For instance, one very important parameter of light to me is my ability to see a sharp image. As you all probably know, the eye just as any other optical system has a focal length and f-number. At some f-number and (corresponding) light intensity level, sharpness is maximal. This differs for scotopic and photopic vision (there are actually two peaks at different f-numbers). The eye _does not_ measure lumens and adjust it's aperture accordingly. The lumen and lux measurements and their relationship to perceived brightness fall apart when comparing different spectra. I'd really like to know how to optimize my lighting for perceived brightness and how to make lighting that allows me to do very fine inspection work (SMD soldering inspection, for instance) best (and to prove somewhat scientifically that it does). At the lowest power consumption.

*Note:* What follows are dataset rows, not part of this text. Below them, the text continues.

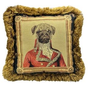 Borgata Regency Throw Pillow Pug Military Uniform Red Coat Formally Dressed Dog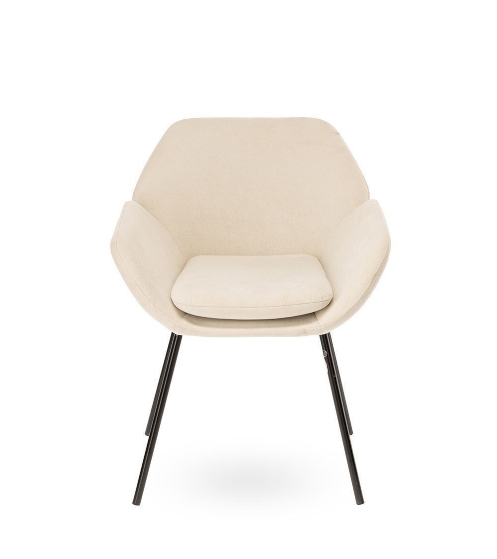 Son revêtement en tissu beige, doux au toucher, invite à s’y asseoir pour profiter d’un moment de détente. Le contraste entre la couleur claire de l’assise et les pieds en métal noir crée une harmonie parfaite, rappelant les styles rétro avec une touche moderne. Sa légèreté visuelle lui permet de s’intégrer facilement dans divers intérieurs, qu’ils soient contemporains ou plus classiques. La chaise Ribera Crème est donc un choix incontournable pour ceux qui recherchent une pièce à la fois pratique et décorative.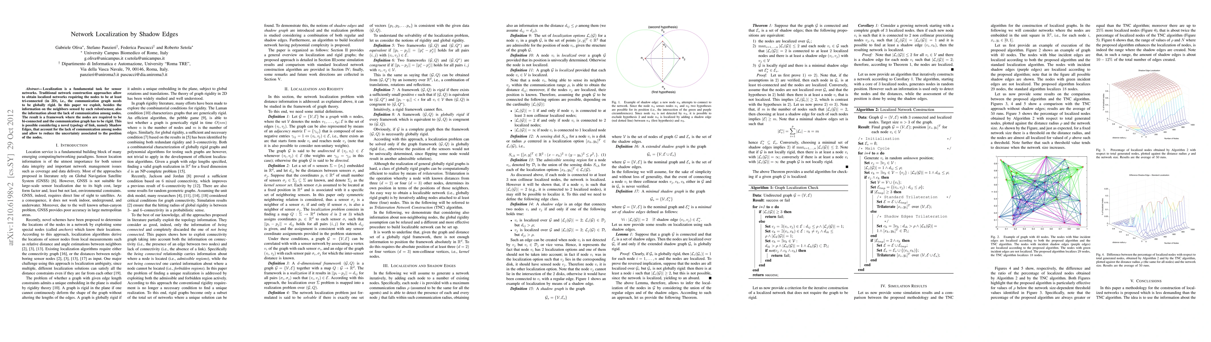 Localization is a fundamental task for sensor networks. Traditional network construction approaches allow to obtain localized networks requiring the nodes to be at least tri-connected (in 2D), i.e., the communication graph needs to be globally rigid. In this paper we exploit, besides the information on the neighbors sensed by each robot/sensor, also the information about the lack of communication among nodes. The result is a framework where the nodes are required to be bi-connected and the communication graph has to be rigid. This is possible considering a novel typology of link, namely Shadow Edges, that account for the lack of communication among nodes and allow to reduce the uncertainty associated to the position of the nodes.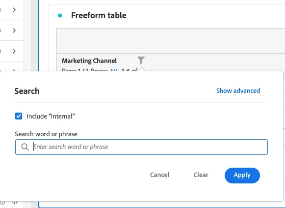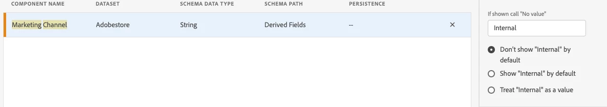 This setting treats "No Value" as a string value (except for numeric dimensions), allowing you to customize its representation as a dimension value. This customization affects both attribution and the "Include No value" option in the Freeform table search filter. Keep in mind that when you assign a custom string value, all matching values in your dataset will be consolidated under that same dimension string value.

When I started this thread I thought this could at least be reasonably predicted using some textbook light intensity (lux), CCT and CRI value, but I'm not that sure anymore.


----------



## slebans (Dec 10, 2011)

mux said:


> When I started this thread I thought this could at least be reasonably predicted using some textbook light intensity (lux), CCT and CRI value, but I'm not that sure anymore.


There are, of course, published guidelines that are task specific, for minimum lux values and corresponding suggested ranges for CCT and CRI. Ultimately, these guidelines are subjective, and like many things in life-one size does not fit all.If I was capable of building my own work light, I would aim for complete flexability. Target at least 50% more flux than the guidelines suggest for the specific task. Use a combination of Cool White XM-Ls and 40% or more efficient Red LEDs. Have the White and Red LEDs on separate dimmable circuits so that you could control both intensity and color temperature. This would give you the capability to determine if there is a specific lux level and color temp that works best for your task.I am currently experimenting with DMX controlled arrays of Cool White and Warm White LED bulbs to basically achieve the same goals(minus the highest possible efficiencies goal).Stephen Lebans


----------



## Kinnza (Dec 10, 2011)

mux said:


> Thanks a bunch for the links, they are exceptionally helpful. Although I am a bit annoyed that light proves to be such a subjective matter that I can't just put numbers to it and be done. Still very confused as to how I can do optimizations for SSL when I have to take perception into account. Without express consensus on how perception actually influences the light's functionality.
> 
> For instance, one very important parameter of light to me is my ability to see a sharp image. As you all probably know, the eye just as any other optical system has a focal length and f-number. At some f-number and (corresponding) light intensity level, sharpness is maximal. This differs for scotopic and photopic vision (there are actually two peaks at different f-numbers). The eye _does not_ measure lumens and adjust it's aperture accordingly. The lumen and lux measurements and their relationship to perceived brightness fall apart when comparing different spectra. I'd really like to know how to optimize my lighting for perceived brightness and how to make lighting that allows me to do very fine inspection work (SMD soldering inspection, for instance) best (and to prove somewhat scientifically that it does). At the lowest power consumption.
> 
> When I started this thread I thought this could at least be reasonably predicted using some textbook light intensity (lux), CCT and CRI value, but I'm not that sure anymore.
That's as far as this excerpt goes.